*What the exercise asks*: Write out the listing from the line with "Шовный материал Elemaar" to the line with "Für die Analysen", both lines included, exactly and nothing beyond. Leave pictures out.

*Input records*:
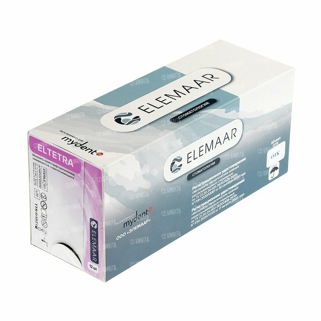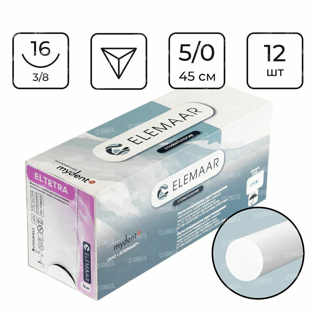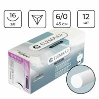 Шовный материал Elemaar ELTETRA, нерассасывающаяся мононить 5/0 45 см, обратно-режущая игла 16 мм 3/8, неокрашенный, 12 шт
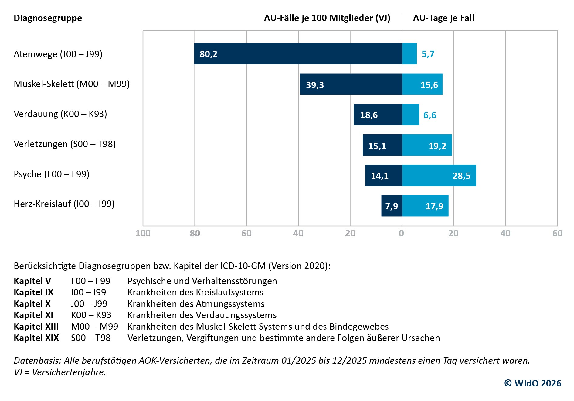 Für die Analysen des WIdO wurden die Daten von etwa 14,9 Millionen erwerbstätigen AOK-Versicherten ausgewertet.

---

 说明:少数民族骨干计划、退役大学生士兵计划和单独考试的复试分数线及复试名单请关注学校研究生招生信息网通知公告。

*Answer to this problem*:
 Шовный материал Elemaar ELTETRA, нерассасывающаяся мононить 5/0 45 см, обратно-режущая игла 16 мм 3/8, неокрашенный, 12 шт
 Für die Analysen des WIdO wurden die Daten von etwa 14,9 Millionen erwerbstätigen AOK-Versicherten ausgewertet.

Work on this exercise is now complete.